He's also a prolific author of hundreds of articles and 64 books including
his latest one titled "Multinationals on Trial: Foreign Investment
Matters," co-authored with Henry Veltmeyer, and subject of this
review.
Henry Veltmeyer
has collaborated with Petras before on previous books. They include
"Globalization Unmasked," "Social Movements and State
Power," "A System in Crisis" and others. He's Professor
of Sociology and International Development Studies at Saint Mary's University,
Canada and Universidad Autonoma de Zacatecas, Mexico. He's also Editor-in-Chief
of the Canadian Journal of International Development Studies and, like
Petras, is a prolific author of many books and articles focused mainly
on Latin American issues, globalized trade, alternative models and approaches
and progressive social movements.
"Multinationals
on Trial" deals with a core issue of our time - the economic power
of giant corporations, their dominant role as agents and partners of
imperialism, and the way they plunder developing nations. The book is
a powerful indictment of unfettered "free market" capitalism
and how foreign direct investment (FDI) is its main exploitive tool.

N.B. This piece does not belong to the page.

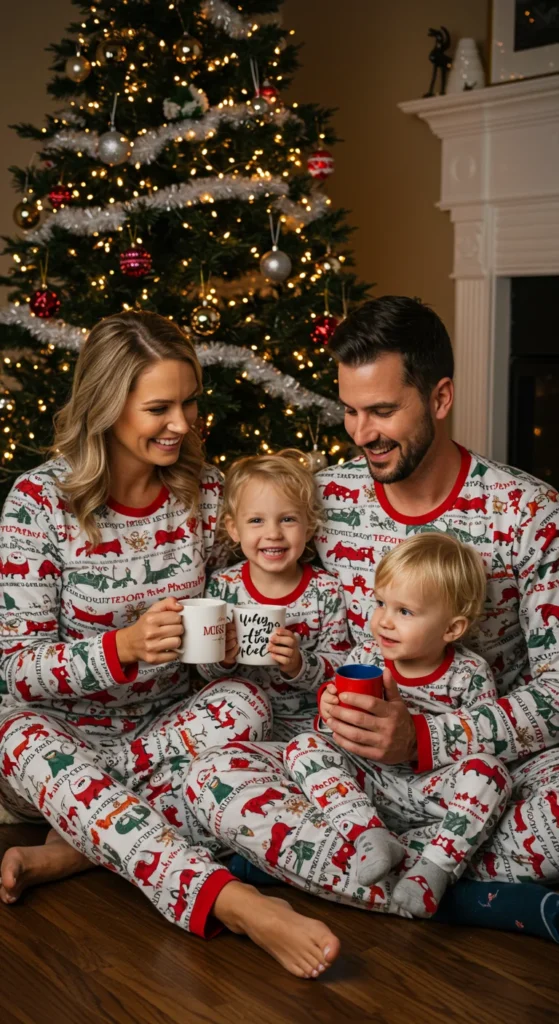 Matching pajamas are a holiday tradition. Families often buy sets for Christmas Eve photos, morning unwrapping, or seasonal parties.

Below is a detailed review of its compelling contents.
The authors
state upfront how controversial corporate giants are, especially with
regard to their "type of capital," how they use it operationally,
and "the conditions associated with it." Specifically, the
book deals with foreign direct investment (FDI) and debunks the following
commonly held notions:
-- that it's
"indispensable" to accessing essential financial resources;
-- that it
brings with it "collateral benefits" like "technology
transfers" and job creation; and
-- that overall
it's a "catalyst of development" and thus an "indispensable"
vehicle of growth and way for developing nations to integrate into the
"new world economic order."
Rather than
aiding these nations, the authors call FDI "a mechanism for empire-centred
capital accumulation, a powerful lever for political control and for
reordering the world economy." They offer an alternative approach
in the final chapter, free from FDI imperial bondage.
Chapter 1
- Empire and Imperialism
The oldest
empires go back centuries before the better known ones in ancient Rome,
Persia and the one Alexander the Great built, but the authors deal only
with the modern post-WW II era dominated by the US. Imperial Britain
was shattered, colonialism was unraveling, Soviet Russia was devastated,
and America stood alone as the world's preeminent economic, political
and military superpower with every intention to keep it that way.
It did so
going back to when US delegates dominated the Bretton Woods, NH UN Monetary
and Financial Conference to establish a postwar international monetary
system of convertible currencies, fixed exchange rates, free trade,
the US dollar as the world's reserve currency linked to gold, and those
of other nations fixed to the dollar. In addition, an institutional
framework was designed to establish a market-based capital accumulation
process that would ensure (post-war) that newly liberated colonial nations
would pursue capitalist economic development beneficial to the victorious
imperial powers that would soon include the Axis ones as well.
Post-war,
the "US foreign policy establishment" began an unending debate
on how America could stay preeminent and solidify its dominance. It
began with NATO, OECD and other formal alliances with our western European
partners that were "built on the foundation of the transnational
corporation (as the) economic 'shock-troops' of the system." Tactics
varied along the way, but the goals remained unchanged - "to enhance
US hegemony and its domination of the new world order." This requires
having supportive allies and the US public willing to go along with
overseas adventurism like the Bush administration's foreign wars that
became overreach and "a major impediment to empire building."
The authors
state that wherever imperial power is projected in any form it generates
diverse resistance in "every 'popular' sector of 'civil society.'
" They also stress that its "omnipresence" can be a weakness,
not a strength, and may lead to its impotence. This is the condition
of America today under the Bush administration. Its plan for imperial
dominance is in tatters, or as the authors put it, "wishful thinking
or imperial hubris." It failed in the Middle East, Central Asia,
Venezuela and may be unraveling in Pakistan under Musharraf's dictatorship.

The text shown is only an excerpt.